You’ll notice that we didn’t include timestamp in these fields, and if you recall from our previous blog post, our IDs are Snowflakes, which means they inherently contain a timestamp (which we can use to power before, on, and after queries by using a minimum and maximum ID range).

These fields however aren’t actually “stored” in Elasticsearch, rather, they are only stored in the inverted index. The only fields that are actually stored and returned are the message, channel and server ID that the message was posted in. This means that message data is not duplicated in Elasticsearch. The tradeoff being that we’ll have to fetch the message from Cassandra when returning search results, which is perfectly okay, because we’d have to pull the message context (2 messages before & after) from Cassandra to power the UI anyway. Keeping the actual message object out of Elasticsearch means that we don’t have to pay for additional disk space to store it. However, this means we can’t use Elasticsearch to highlight matches in search results. We’d have to build the tokenizers and language analyzers into our client to do the highlighting (which was really easy to do).

Actually coding it.

We decided that a microservice for search was probably not required, and instead we exposed a library that wrapped our routing and querying logic to Elasticsearch. The only additional service we needed to run is the index workers (which would use this library to do the actual indexing work). The API surface area exposed to the rest of the team was also minimal, so that if it did need to be moved to it’s own service, it could easily be wrapped in an RPC layer. This library could be imported by our API workers as well to actually execute the search queries and return results to the user over HTTP.

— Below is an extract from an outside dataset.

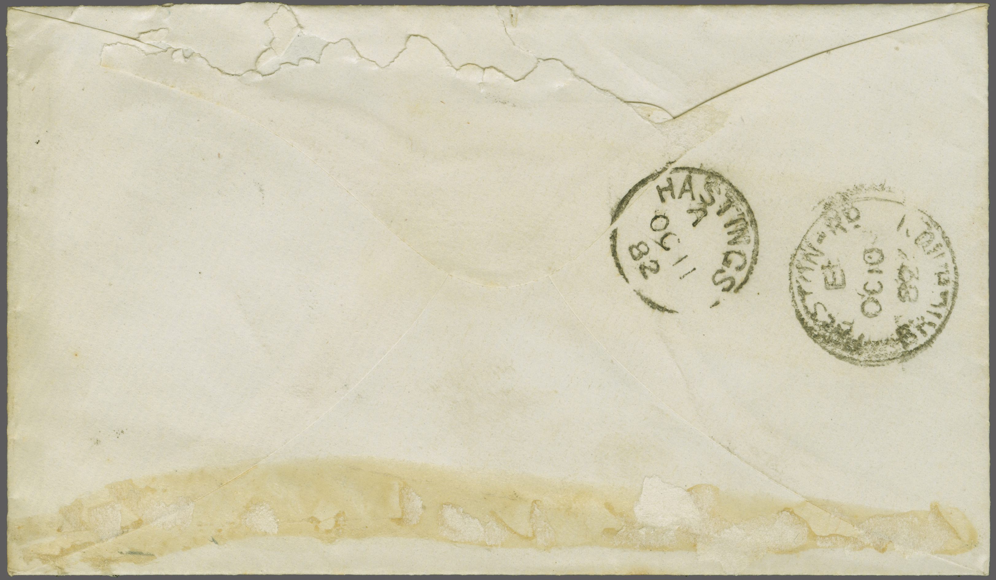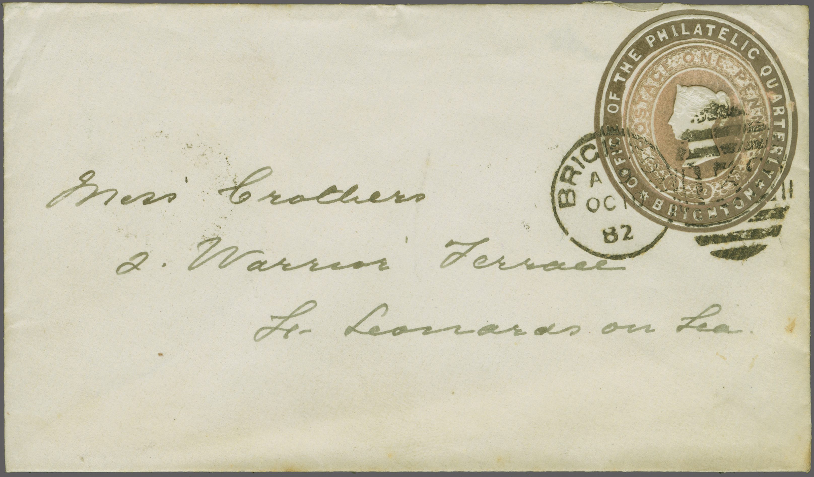 Stamp Collecting 1882: 1 d. pink envelope with embossed advertising ring in brown for "OFFICE OF THE PHILATELIC QUARTERLY / BRIGHTON", used to St. Leonards on Sea tied by neat "Brighton / 132" duplex (Oct 10) in black. Reverse

To the rest of the team, the library exposed a minimal surface area for searching messages:

	results = router.search(SearchQuery(
	guild_id=112233445566778899,
	content="hey jake",
	channel_ids=[166705234528174080, 228695132507996160]
	))
	results_with_context = gather_results(results, context_size=2)

view raw search_query_api.py hosted with ❤ by GitHub

Queueing a message to be indexed or deleted:

	# When a message was created or updated:
	broker.enqueue_message(message)
	# When a message was deleted:
	broker.enqueue_delete(message)

view raw search_broker.py hosted with ❤ by GitHub

Bulk indexing (roughly) real time messages within a worker:

	def gather_messages(num_to_gather=100):
	messages = []
	while len(messages) < num_to_gather:
	messages.append(broker.pop_message())

	return messages

	while True:
	messages = gather_messages()
	router.index_messages(messages)

view raw search_worker.py hosted with ❤ by GitHub

For indexing a server’s historical messages, a historical index job which would perform a unit of work and return the next job that needed to run to continue indexing that server. Each job represents a cursor into a server’s message history and a fixed unit of execution (in this case defaulting to 500 messages). The job returns a new cursor to the next batch of messages to be indexed or None if there is no more work to be done. In order to return results quickly for a large server, we split the historical indexing into two phases, an “initial” and “deep” phase. The “initial” phase indexes the last 7 days of messages on the server and makes the index available to the user. After that, we index the entire history in the “deep” phase, which executes at a lower priority. This article shows what it looks like to the user. These jobs are executed in a pool of celery workers, allowing for scheduling of the jobs amongst other tasks that the workers run. This roughly looks like:

	@task()
	def job_task(current_job)
	# .process returns the next job to execute, or None if there are no more jobs to execute.
	next_job = current_job.process(router)
	if next_job:
	job_task.delay(next_job, priority=LOW if next_job.deep else NORMAL)

	initial_job = HistoricalIndexJob(guild_id=112233445566778899)
	job_task.delay(initial_job)

view raw search_task.py hosted with ❤ by GitHub

Testing It Out On Production

After coding this up and testing it on our development environment, we decided it was time to see how it’d perform on production. We spun up a single Elasticsearch cluster with 3 nodes, provisioned the index workers, and scheduled 1,000 of the largest Discord servers to be indexed. Everything seemed to be working, however when looking at the metrics on the cluster, we noticed two things:

CPU usage way higher than expected.
Disk usage was growing way too fast for the volume of messages being indexed.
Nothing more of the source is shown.